# Run certain command on boot up?



## Sunnz (Oct 21, 2009)

I want my system (10.6.x) to run something like `/sbin/ifconfig lo0 alias 127.0.0.2` at start up.

I notice that I can possibly put that command into /etc/rc.common, but there are not rc.local or something similar to that which can be found on an usual BSD system... and /etc/rc.common is already populated with a bunch of stuff, so I am wondering if there is a recommended way to do this?

Full story:
I am actually accessing my remote drive on a Samba server, and I like to do this over SSH since I would always leave the SSH port open and I like to use that instead of having another service and port open for Samba.
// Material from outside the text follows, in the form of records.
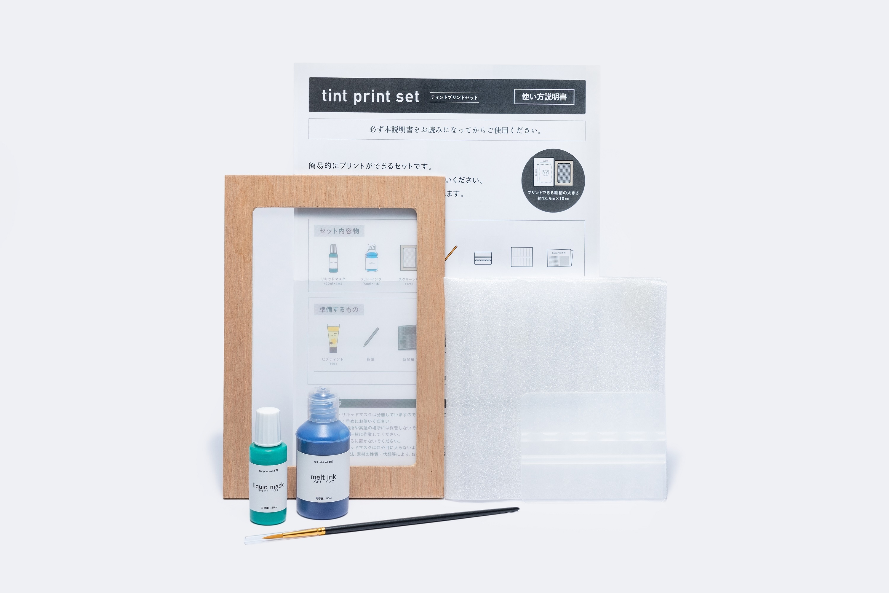 「ティントプリントセット」は感光機を使うことなく、驚きの手軽さでオリジナルのスクリーン版が製作できるものです。「ピグティント」と併用し、ステンシルとは一味違うデザインのプリントが可能です。
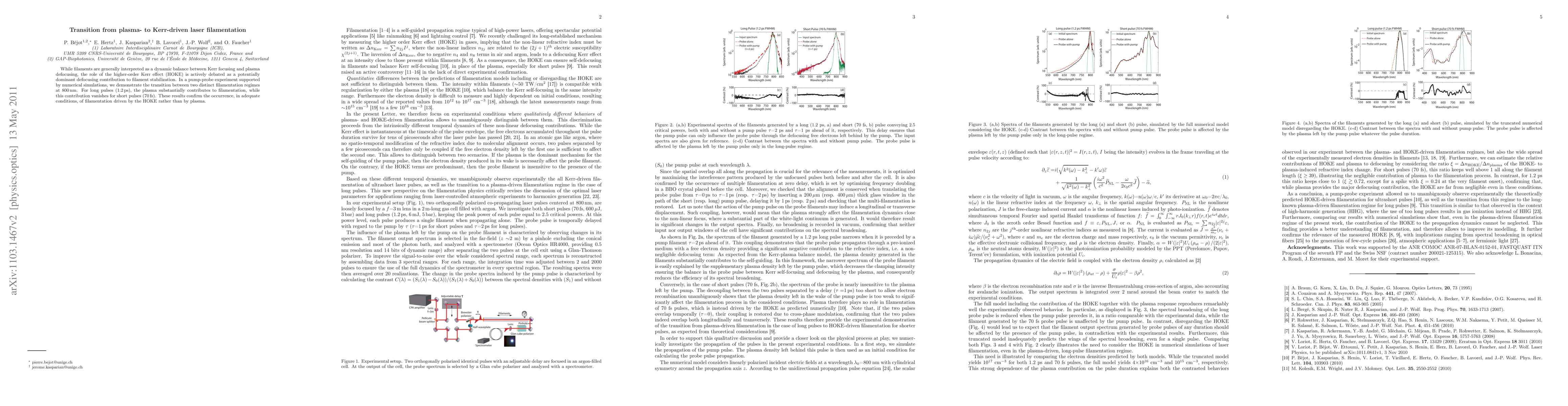 The paper investigates filamentation regimes at 800 nm, showing that long pulses (1.2 ps) rely on plasma for filamentation, while short pulses (70 fs) transition to a Kerr effect-driven regime, highlighting the dominance of higher-order Kerr effect over plasma defocusing.
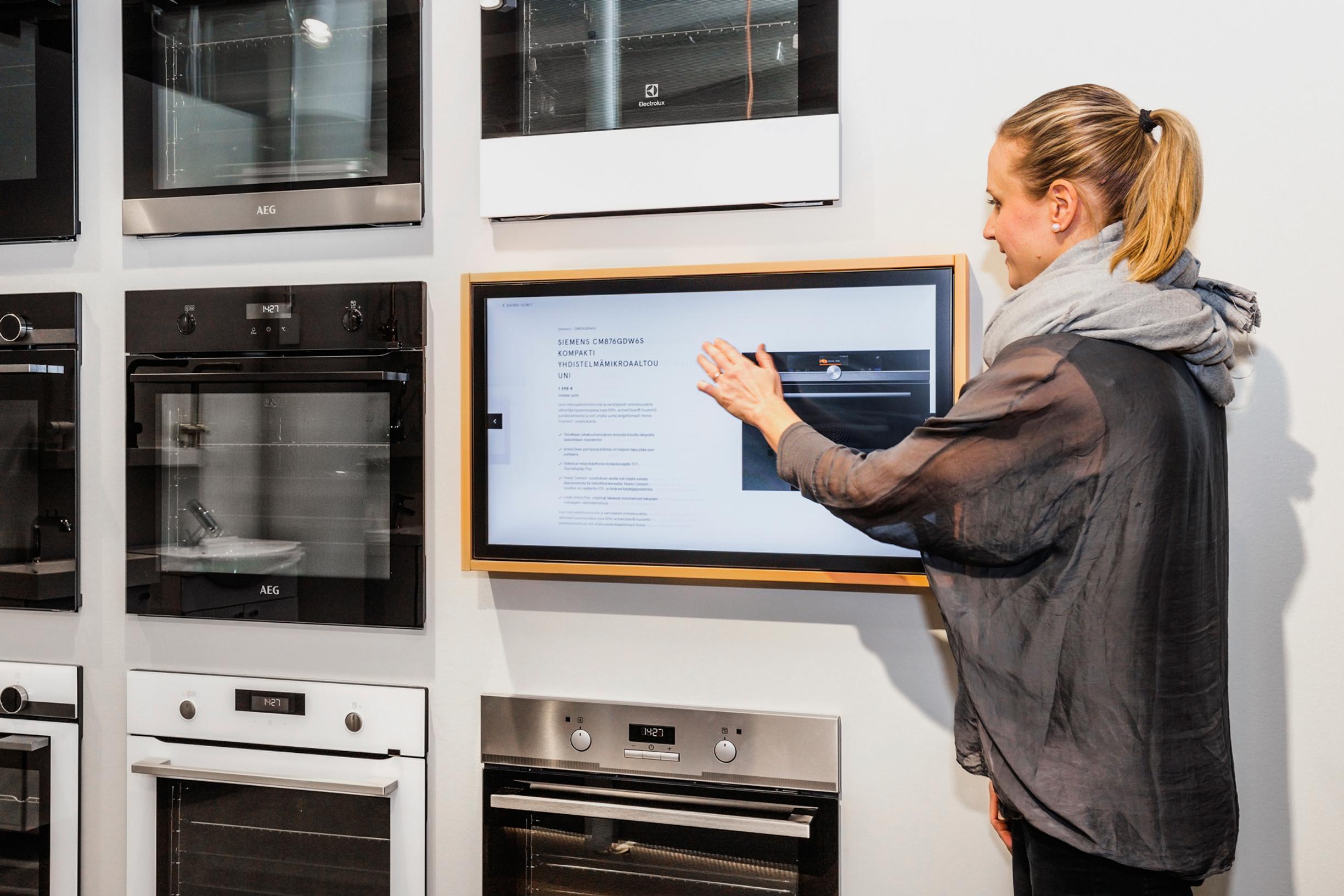 Myös kodinkoneet, altaat ja hanat on koottu myymälässä selkeästi yhteen paikkaan. Esillä on muutamia suosituimpia laitteita, mutta koko valikoimaan voi tutustua kosketusnäytöillä, joilla valikoimasta on helppo valita omat suosikit vertailtaviksi.

So every time I want to access Samba I SSH into my remote machine, with the option `-L 127.0.0.2:4445:127.0.0.1:445`, on my Mac I just open Finder and connect to smb://127.0.0.2:4445.

I need SSH to listen on 127.0.0.2 on my Mac instead of 127.0.0.1 because Finder is actually smart enough to see and tell you that 127.0.0.1 is the local machine anyway, that it actually tell you to just to grab the file locally. Unfortunately Finder is not smart enough to realise the possibility of the traffic being tunnel through SSH to a remote server.

So listening on 127.0.0.2 (an alias on lo0) is a workaround... but if there is a better way to do this, that would be good too.

Thanks!!


----------



## ElDiabloConCaca (Oct 21, 2009)

You want launchd:

http://developer.apple.com/macosx/launchd.html


----------